:: Data listing ::
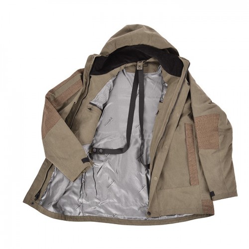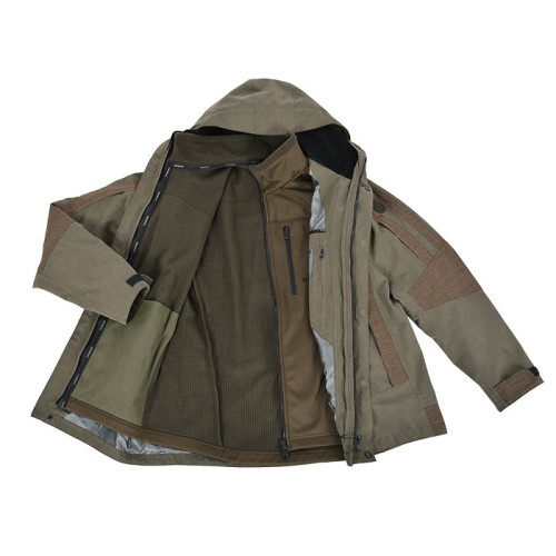- Костюм состоит из куртки третьего слоя (ткань Gamma + SHIELD-TEX с кевларовым усилением на локтевых и коленных зонах);
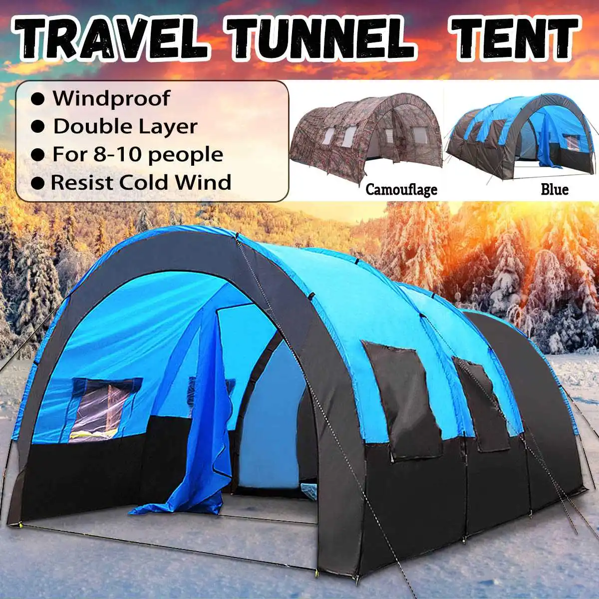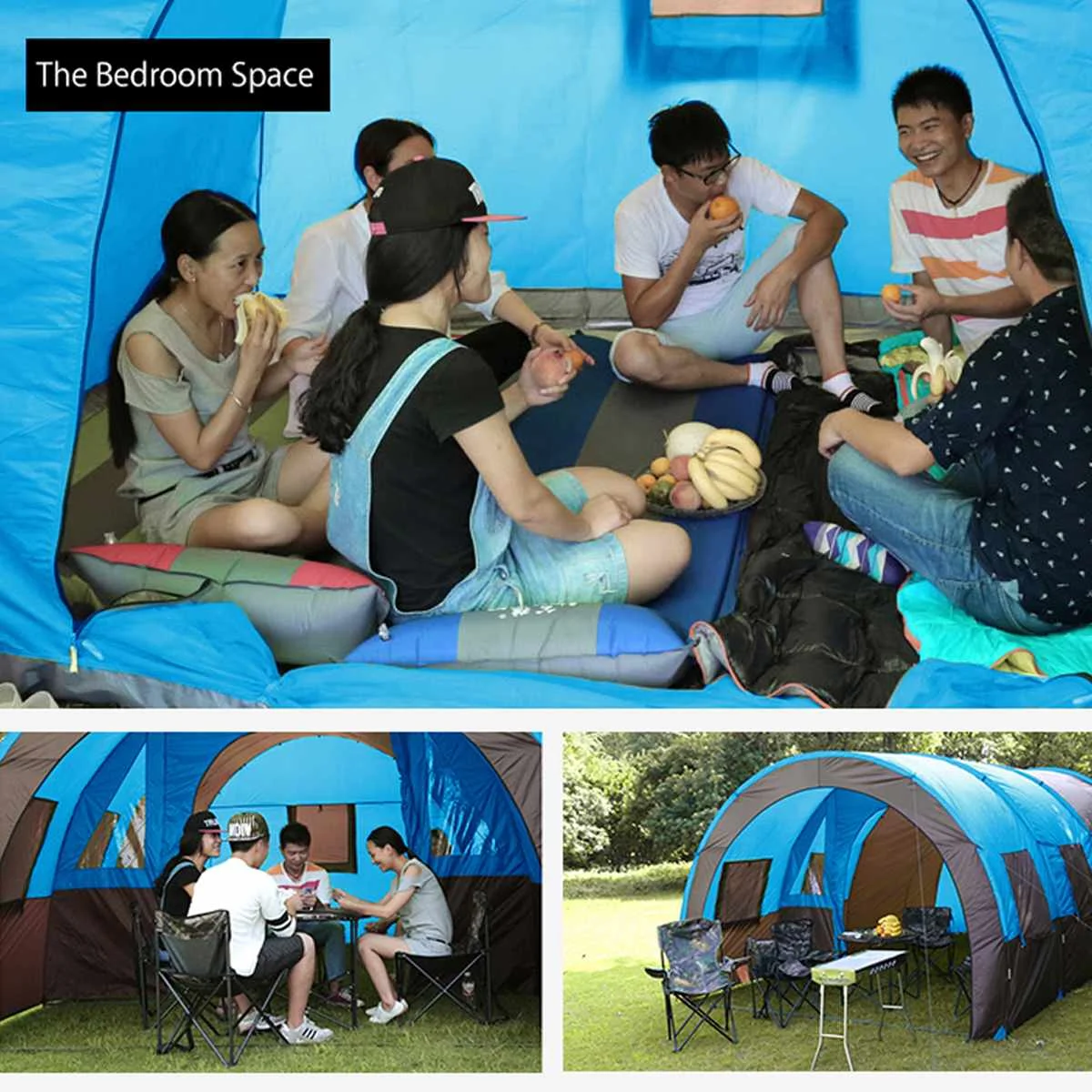 Палатка туристическая на 5-8 человек, Большая водонепроницаемая туннельная палатка из брезента и стекловолокна для всей семьи, оборудование для отдыха на открытом воздухе, альпинизвечерние
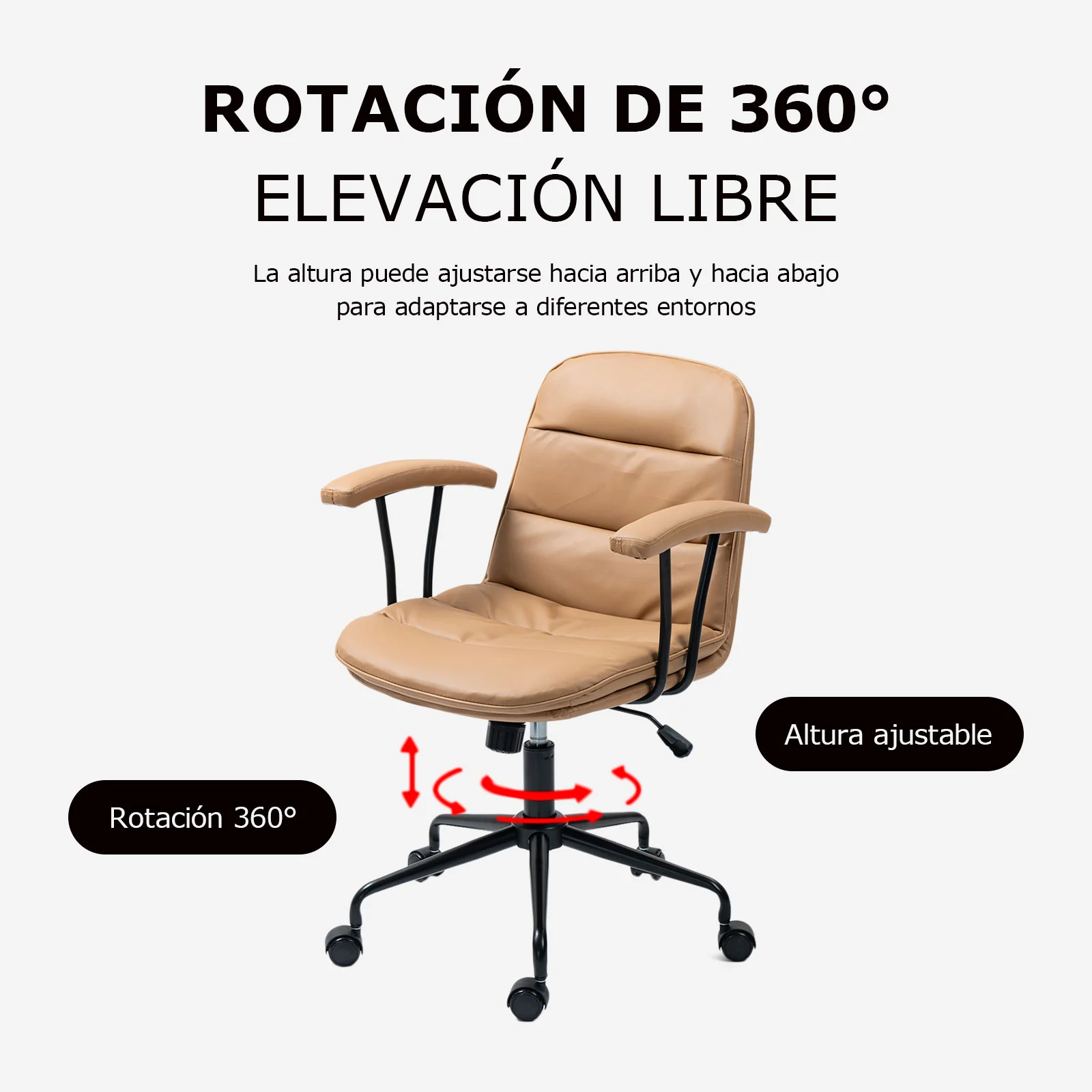 - Movilidad suave: Ruedas giratorias de 360°, silenciosas y protectoras de pisos.
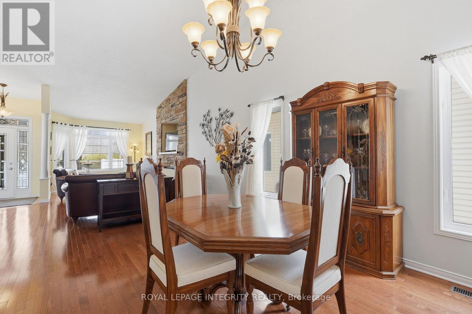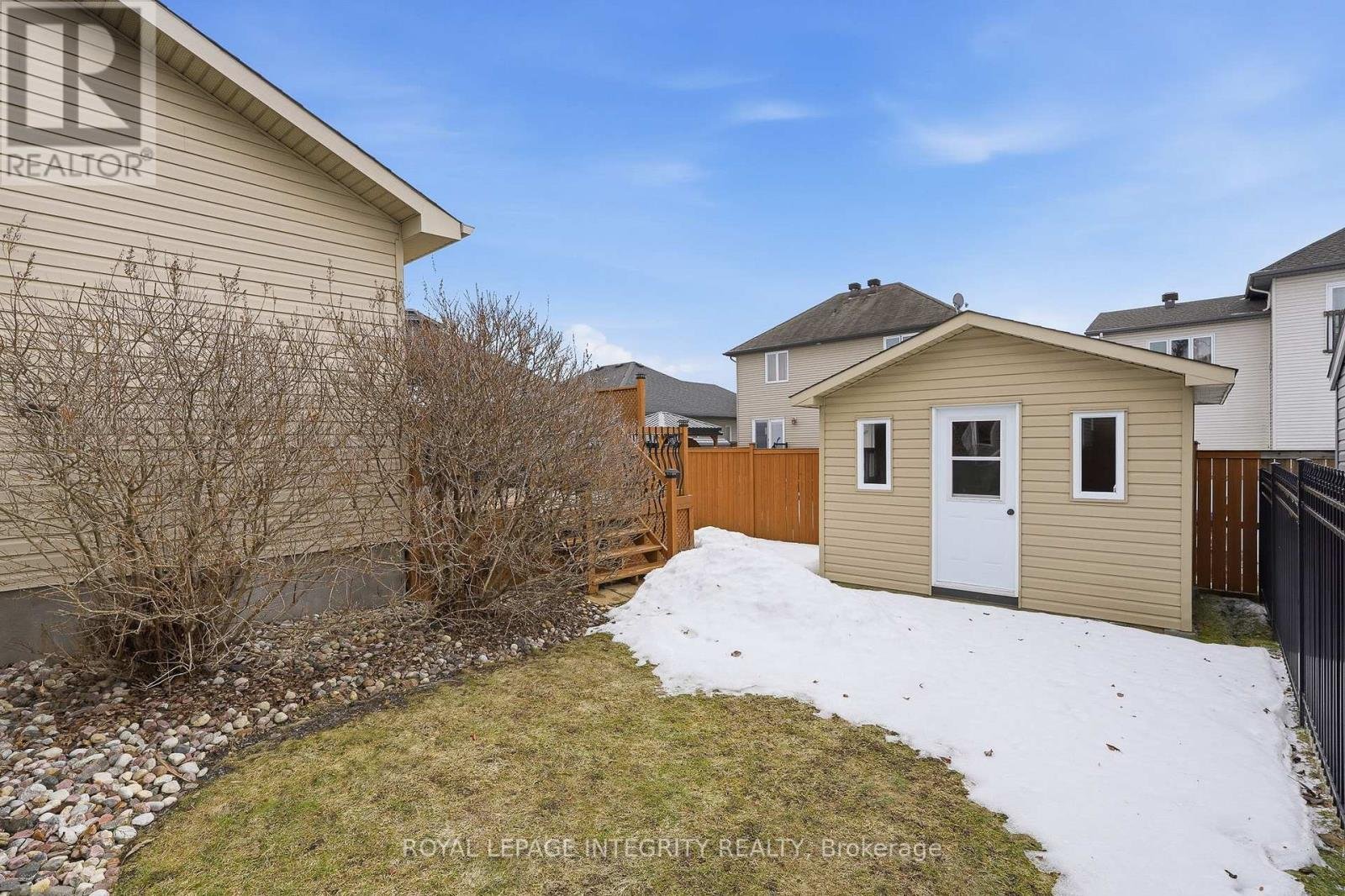Welcome to this charming bungalow in Clarence-Rockland, featuring a beautiful stone façade and a bright, open-concept layout. The main floor offers soaring cathedral ceilings and a spacious living and dining area highlighted by a stunning gas stone fireplace that creates a warm and inviting focal point as you enter the home. The kitchen features birch cabinetry with decorative moldings and valance lighting, providing both style and functionality, with a cozy eating area and access to the backyard. The primary bedroom includes a walk-in closet and a private 3-piece ensuite, while the second bedroom is perfect for guests or a home office and is conveniently located near the main 4-piece bathroom. An elegant oak staircase leads to the unfinished basement with a rough-in for a third bathroom, offering excellent potential for future living space. The double gas-heated garage is equipped with insulated garage doors, hot and cold water access, and a floor drain. Outside, enjoy the fully fenced yard with a deck, gazebo, and storage shed, perfect for relaxing or entertaining.
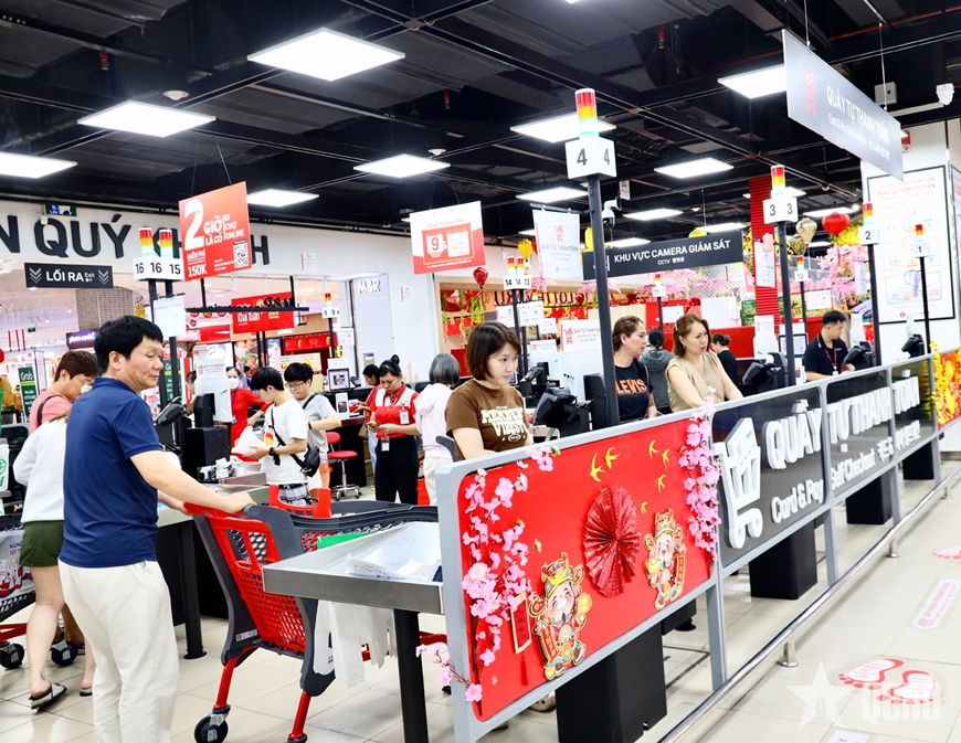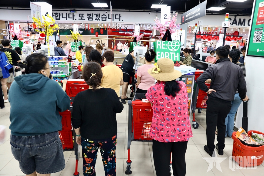 Tại các siêu thị lớn, lượng khách tăng đột biến so với ngày thường. Khu vực thực phẩm tươi sống, bánh kẹo, nước giải khát, giỏ quà Tết luôn trong tình trạng đông kín. Nhiều gia đình lựa chọn mua sắm trọn gói, đẩy xe hàng đầy ắp để tiết kiệm thời gian. Các quầy thu ngân hoạt động liên tục, dòng người xếp hàng trật tự, nhịp nhàng. Nhân viên siêu thị tất bật bổ sung hàng hóa, sắp xếp kệ trưng bày, bảo đảm nguồn cung phục vụ nhu cầu tăng cao.
:::
* **Task prompt**
Start with the first line of the records above and end with the line containing "- Movilidad suave: Ruedas". Output those lines exactly, pictures excluded.

* **The completed task**
- Костюм состоит из куртки третьего слоя (ткань Gamma + SHIELD-TEX с кевларовым усилением на локтевых и коленных зонах);
 Палатка туристическая на 5-8 человек, Большая водонепроницаемая туннельная палатка из брезента и стекловолокна для всей семьи, оборудование для отдыха на открытом воздухе, альпинизвечерние
 - Movilidad suave: Ruedas giratorias de 360°, silenciosas y protectoras de pisos.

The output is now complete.